** ABOUT THIS TASK **
Each line of the data below between the one containing "The Museums at" and the one containing "Breathtaking main lake", both included, is to be repeated exactly. Please omit pictures.
---------- INFORMATION PROVIDED ----------
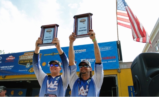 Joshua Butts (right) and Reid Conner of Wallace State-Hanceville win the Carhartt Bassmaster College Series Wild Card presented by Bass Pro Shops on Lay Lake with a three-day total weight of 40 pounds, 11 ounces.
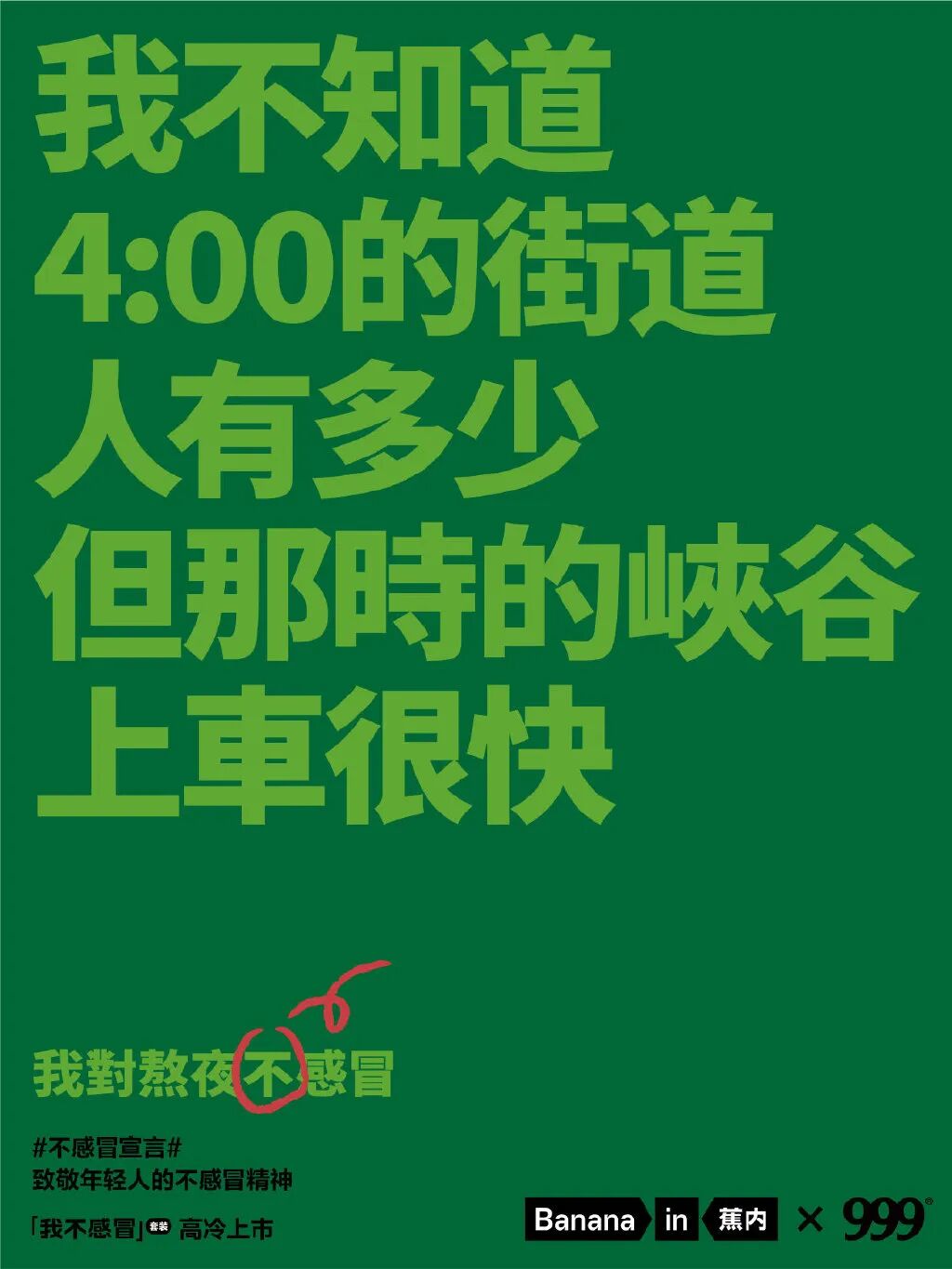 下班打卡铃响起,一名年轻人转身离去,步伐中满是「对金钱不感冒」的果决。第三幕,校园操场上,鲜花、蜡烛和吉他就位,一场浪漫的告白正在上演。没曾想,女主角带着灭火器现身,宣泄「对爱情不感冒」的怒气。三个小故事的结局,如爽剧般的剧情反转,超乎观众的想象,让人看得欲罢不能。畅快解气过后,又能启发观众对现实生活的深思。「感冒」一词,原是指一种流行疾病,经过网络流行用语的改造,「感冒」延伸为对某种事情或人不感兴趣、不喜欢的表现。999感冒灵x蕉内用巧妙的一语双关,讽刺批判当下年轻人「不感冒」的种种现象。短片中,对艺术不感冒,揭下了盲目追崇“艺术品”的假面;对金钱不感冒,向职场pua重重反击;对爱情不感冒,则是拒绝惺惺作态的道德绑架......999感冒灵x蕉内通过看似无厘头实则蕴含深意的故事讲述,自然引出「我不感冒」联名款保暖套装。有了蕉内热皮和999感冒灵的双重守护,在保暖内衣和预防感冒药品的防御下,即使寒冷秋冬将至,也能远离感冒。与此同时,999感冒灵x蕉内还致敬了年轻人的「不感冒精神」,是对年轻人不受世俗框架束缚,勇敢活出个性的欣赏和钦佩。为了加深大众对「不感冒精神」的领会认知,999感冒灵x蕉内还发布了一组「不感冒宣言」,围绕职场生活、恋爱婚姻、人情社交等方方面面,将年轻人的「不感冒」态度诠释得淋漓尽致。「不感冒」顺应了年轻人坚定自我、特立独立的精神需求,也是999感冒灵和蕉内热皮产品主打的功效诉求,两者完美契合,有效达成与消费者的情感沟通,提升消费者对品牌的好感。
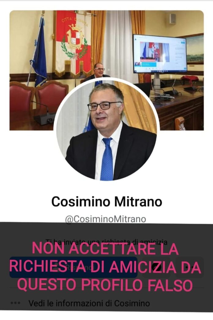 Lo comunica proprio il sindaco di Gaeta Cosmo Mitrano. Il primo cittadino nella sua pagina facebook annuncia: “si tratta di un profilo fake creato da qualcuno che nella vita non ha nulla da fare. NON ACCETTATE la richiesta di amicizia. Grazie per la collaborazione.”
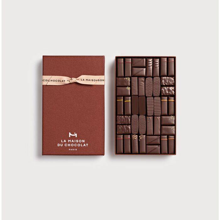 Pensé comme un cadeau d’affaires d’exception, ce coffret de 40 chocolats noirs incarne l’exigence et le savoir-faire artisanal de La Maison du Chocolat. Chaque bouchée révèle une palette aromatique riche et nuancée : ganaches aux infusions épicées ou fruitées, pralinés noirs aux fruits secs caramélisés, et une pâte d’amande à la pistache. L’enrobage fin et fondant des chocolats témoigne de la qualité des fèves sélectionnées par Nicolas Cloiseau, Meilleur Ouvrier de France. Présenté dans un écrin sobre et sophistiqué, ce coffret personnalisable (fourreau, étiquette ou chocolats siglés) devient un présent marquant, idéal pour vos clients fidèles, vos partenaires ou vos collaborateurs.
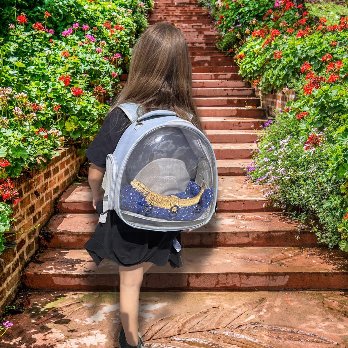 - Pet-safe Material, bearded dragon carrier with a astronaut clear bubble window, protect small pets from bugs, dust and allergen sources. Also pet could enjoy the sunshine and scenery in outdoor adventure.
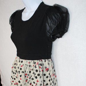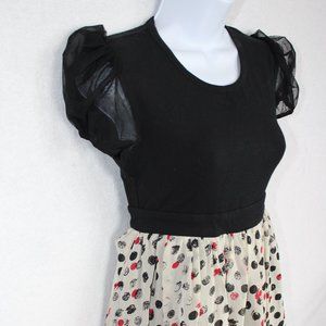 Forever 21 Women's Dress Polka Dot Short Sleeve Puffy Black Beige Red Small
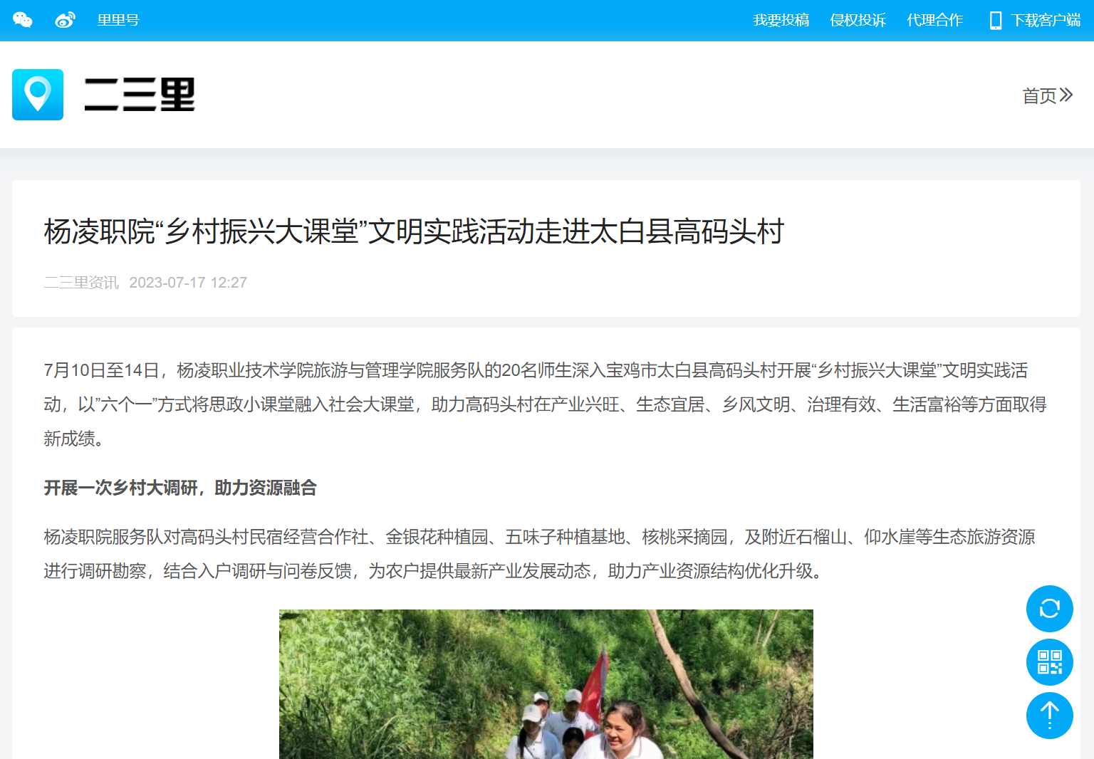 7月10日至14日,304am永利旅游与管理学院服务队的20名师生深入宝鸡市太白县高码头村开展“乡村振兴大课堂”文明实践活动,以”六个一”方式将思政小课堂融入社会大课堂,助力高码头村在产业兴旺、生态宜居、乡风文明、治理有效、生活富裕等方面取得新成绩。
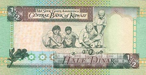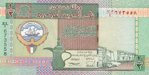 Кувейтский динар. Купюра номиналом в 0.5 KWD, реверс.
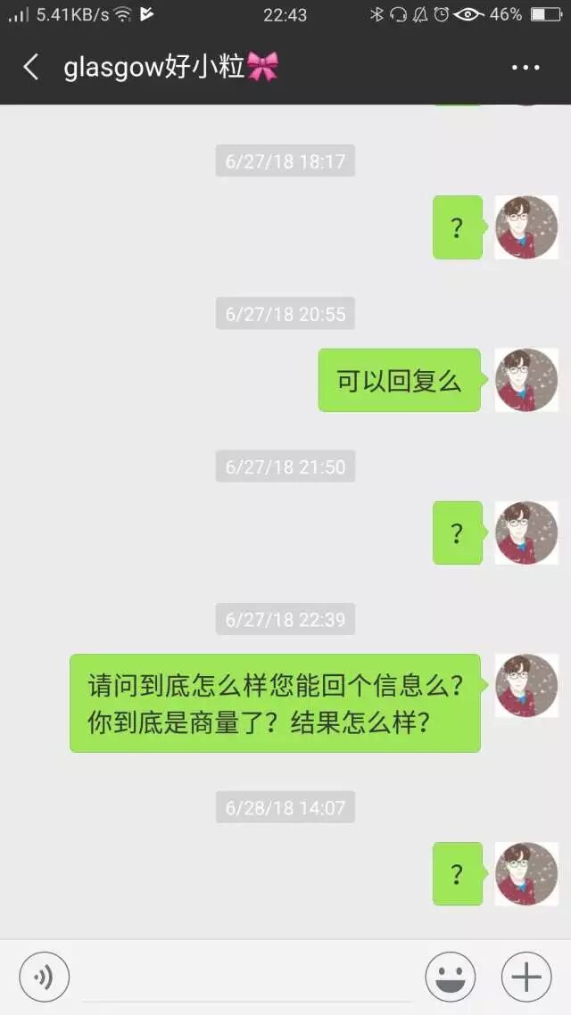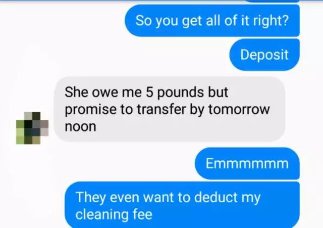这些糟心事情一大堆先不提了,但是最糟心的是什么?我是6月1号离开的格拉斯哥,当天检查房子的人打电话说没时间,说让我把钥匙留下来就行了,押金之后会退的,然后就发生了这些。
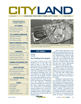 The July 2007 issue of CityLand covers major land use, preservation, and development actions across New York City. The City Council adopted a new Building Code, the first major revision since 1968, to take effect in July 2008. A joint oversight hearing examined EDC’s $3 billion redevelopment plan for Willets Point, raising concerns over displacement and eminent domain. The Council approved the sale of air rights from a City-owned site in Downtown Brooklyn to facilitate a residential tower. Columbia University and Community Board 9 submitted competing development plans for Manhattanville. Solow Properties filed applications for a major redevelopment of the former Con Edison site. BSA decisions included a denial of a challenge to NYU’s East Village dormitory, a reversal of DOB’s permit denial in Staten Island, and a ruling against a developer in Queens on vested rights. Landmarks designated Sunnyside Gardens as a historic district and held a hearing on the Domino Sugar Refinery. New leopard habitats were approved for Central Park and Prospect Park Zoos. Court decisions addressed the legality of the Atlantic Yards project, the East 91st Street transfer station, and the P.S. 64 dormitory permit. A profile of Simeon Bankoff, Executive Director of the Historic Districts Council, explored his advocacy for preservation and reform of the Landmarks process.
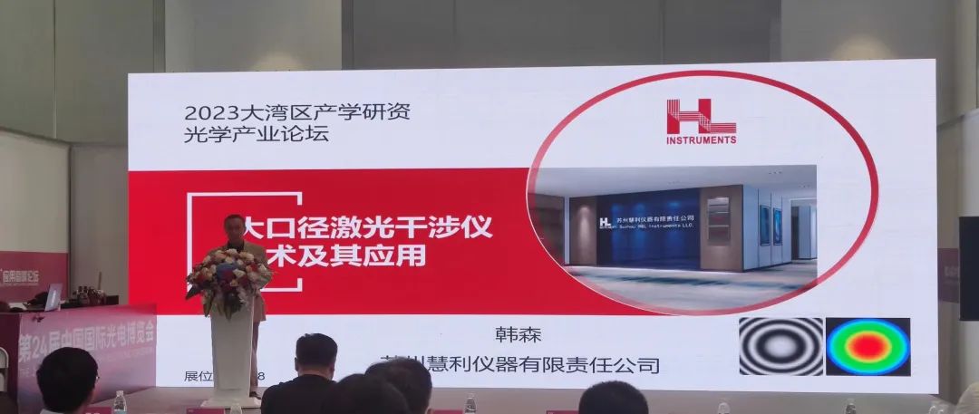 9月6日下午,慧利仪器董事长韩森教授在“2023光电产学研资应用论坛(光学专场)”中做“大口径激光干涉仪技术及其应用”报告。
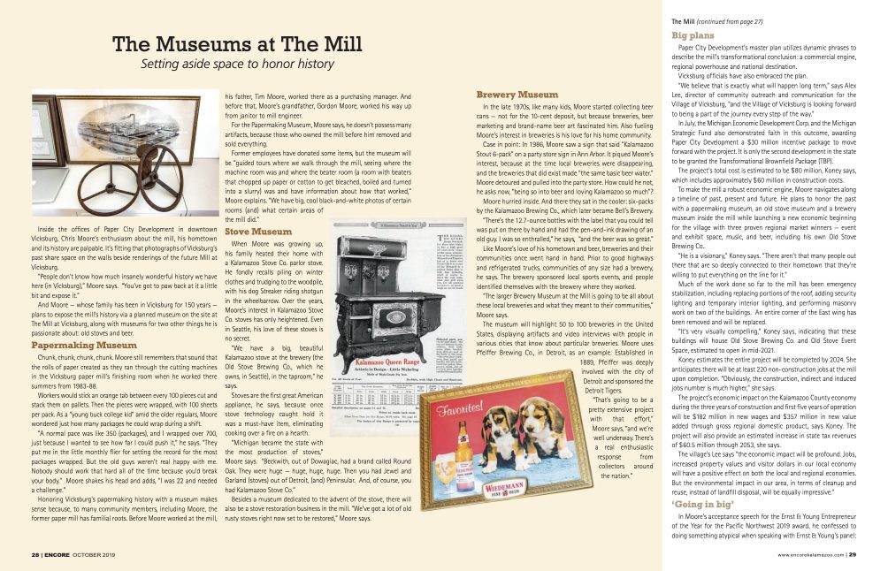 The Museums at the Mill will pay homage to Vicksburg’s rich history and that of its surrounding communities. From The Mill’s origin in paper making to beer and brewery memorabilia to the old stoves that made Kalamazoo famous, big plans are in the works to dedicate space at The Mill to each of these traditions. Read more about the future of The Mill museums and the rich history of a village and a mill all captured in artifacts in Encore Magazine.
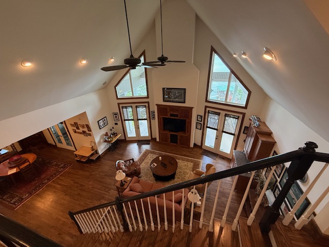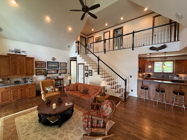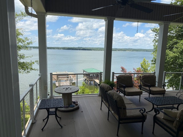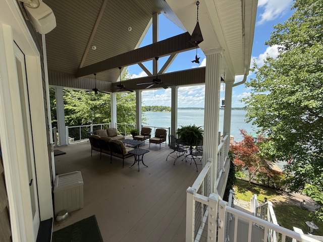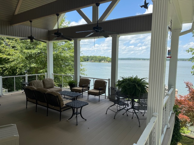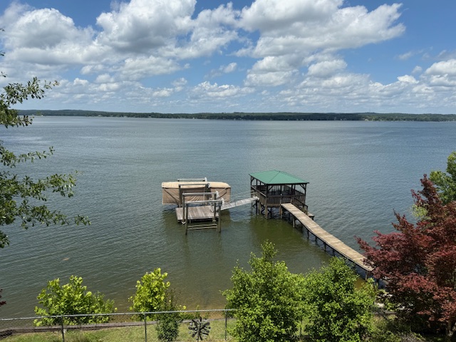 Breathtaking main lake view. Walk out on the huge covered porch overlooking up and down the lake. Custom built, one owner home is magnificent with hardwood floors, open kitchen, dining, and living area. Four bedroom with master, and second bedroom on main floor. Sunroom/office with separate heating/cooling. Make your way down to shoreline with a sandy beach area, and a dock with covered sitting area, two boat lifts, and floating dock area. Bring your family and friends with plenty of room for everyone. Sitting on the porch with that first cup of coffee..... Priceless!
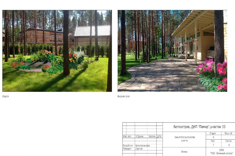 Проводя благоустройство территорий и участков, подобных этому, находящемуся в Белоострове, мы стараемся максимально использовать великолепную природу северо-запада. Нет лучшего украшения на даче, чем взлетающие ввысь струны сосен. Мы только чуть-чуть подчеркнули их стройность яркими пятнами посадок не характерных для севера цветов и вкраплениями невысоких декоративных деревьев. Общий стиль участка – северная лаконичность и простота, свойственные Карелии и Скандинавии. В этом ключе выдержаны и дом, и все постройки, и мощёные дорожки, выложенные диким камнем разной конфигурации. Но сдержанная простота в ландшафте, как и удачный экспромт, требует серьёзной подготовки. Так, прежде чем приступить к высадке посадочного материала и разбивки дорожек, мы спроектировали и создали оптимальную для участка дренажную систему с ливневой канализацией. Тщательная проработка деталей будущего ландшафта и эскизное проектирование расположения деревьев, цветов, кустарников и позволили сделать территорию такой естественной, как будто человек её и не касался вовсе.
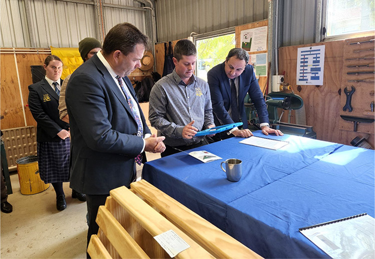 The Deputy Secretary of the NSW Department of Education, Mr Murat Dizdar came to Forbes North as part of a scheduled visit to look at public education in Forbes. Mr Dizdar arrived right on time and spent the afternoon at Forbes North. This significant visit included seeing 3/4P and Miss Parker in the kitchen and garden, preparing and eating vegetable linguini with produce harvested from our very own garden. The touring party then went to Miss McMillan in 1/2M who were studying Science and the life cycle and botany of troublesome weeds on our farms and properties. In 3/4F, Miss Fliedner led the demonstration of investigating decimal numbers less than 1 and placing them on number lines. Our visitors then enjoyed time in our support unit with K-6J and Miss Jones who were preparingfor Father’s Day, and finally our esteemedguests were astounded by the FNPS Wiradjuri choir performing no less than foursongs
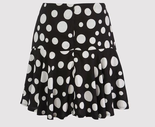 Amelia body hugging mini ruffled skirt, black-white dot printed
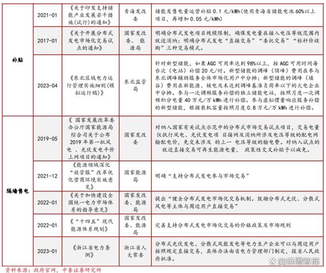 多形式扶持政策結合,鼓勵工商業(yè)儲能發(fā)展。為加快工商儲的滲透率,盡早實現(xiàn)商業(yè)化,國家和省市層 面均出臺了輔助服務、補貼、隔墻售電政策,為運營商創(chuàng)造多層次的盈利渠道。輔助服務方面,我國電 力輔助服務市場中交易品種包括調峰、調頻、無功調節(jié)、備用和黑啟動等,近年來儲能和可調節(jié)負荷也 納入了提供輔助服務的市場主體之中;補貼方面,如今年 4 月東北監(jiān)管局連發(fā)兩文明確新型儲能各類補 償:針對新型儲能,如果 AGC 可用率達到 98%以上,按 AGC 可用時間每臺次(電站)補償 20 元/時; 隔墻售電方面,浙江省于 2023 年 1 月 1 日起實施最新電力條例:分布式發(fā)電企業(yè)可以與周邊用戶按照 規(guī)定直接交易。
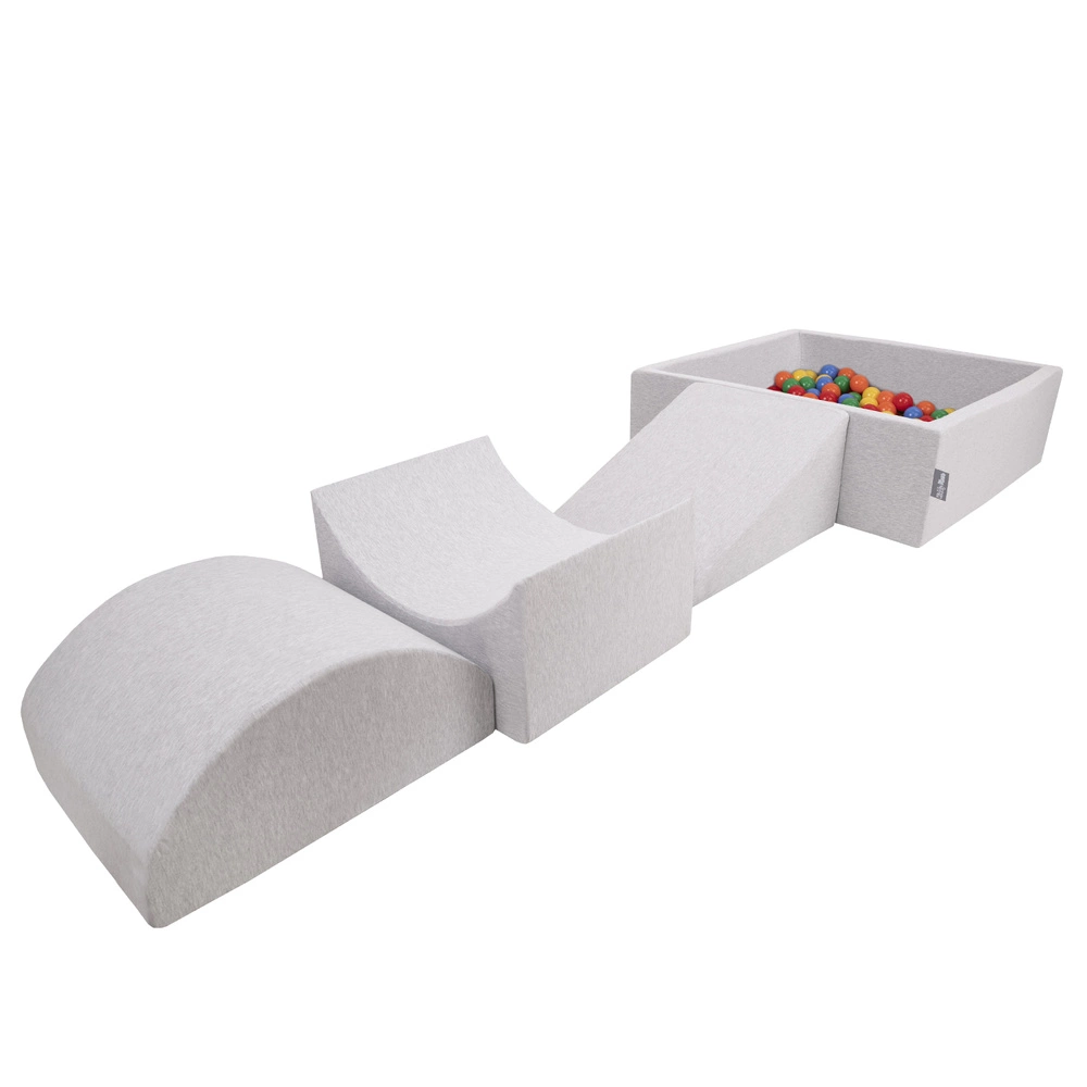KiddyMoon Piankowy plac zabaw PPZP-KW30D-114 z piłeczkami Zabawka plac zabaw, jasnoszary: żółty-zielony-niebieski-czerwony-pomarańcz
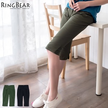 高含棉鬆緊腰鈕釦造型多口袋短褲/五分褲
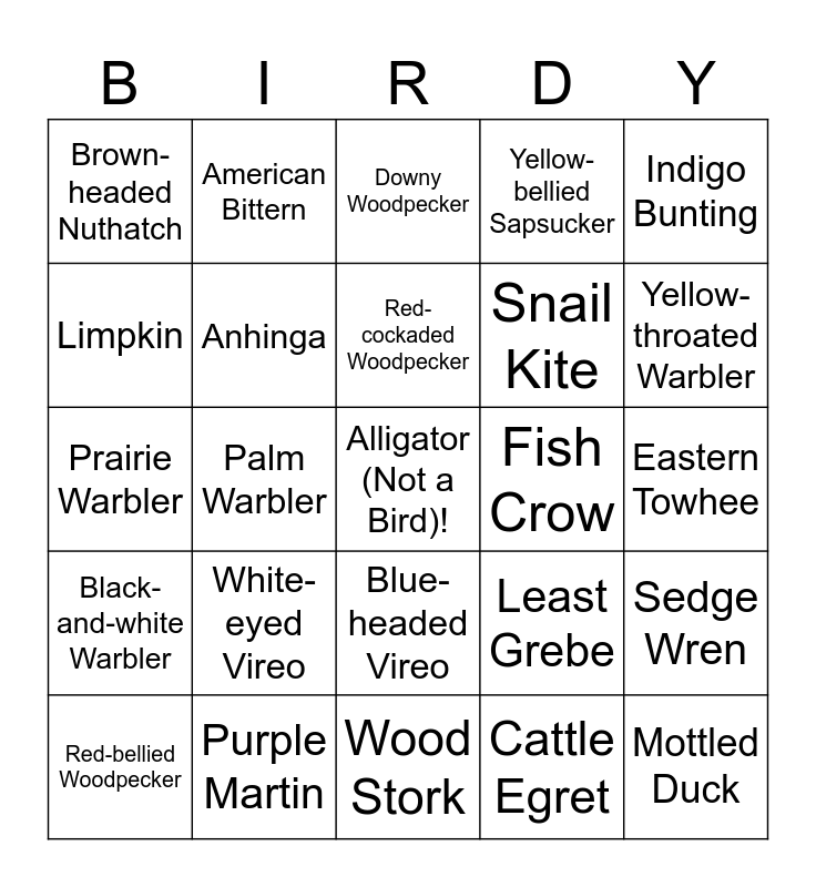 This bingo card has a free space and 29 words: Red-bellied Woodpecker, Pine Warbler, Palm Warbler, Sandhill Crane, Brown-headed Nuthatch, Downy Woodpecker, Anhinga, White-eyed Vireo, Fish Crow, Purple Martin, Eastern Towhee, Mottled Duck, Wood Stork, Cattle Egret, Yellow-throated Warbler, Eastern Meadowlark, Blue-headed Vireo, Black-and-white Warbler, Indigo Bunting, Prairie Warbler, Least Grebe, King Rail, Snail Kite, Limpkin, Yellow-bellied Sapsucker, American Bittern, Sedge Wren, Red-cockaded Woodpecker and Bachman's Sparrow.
----------
** PROBLEM SOLUTION **
 The Museums at the Mill will pay homage to Vicksburg’s rich history and that of its surrounding communities. From The Mill’s origin in paper making to beer and brewery memorabilia to the old stoves that made Kalamazoo famous, big plans are in the works to dedicate space at The Mill to each of these traditions. Read more about the future of The Mill museums and the rich history of a village and a mill all captured in artifacts in Encore Magazine.
 Breathtaking main lake view. Walk out on the huge covered porch overlooking up and down the lake. Custom built, one owner home is magnificent with hardwood floors, open kitchen, dining, and living area. Four bedroom with master, and second bedroom on main floor. Sunroom/office with separate heating/cooling. Make your way down to shoreline with a sandy beach area, and a dock with covered sitting area, two boat lifts, and floating dock area. Bring your family and friends with plenty of room for everyone. Sitting on the porch with that first cup of coffee..... Priceless!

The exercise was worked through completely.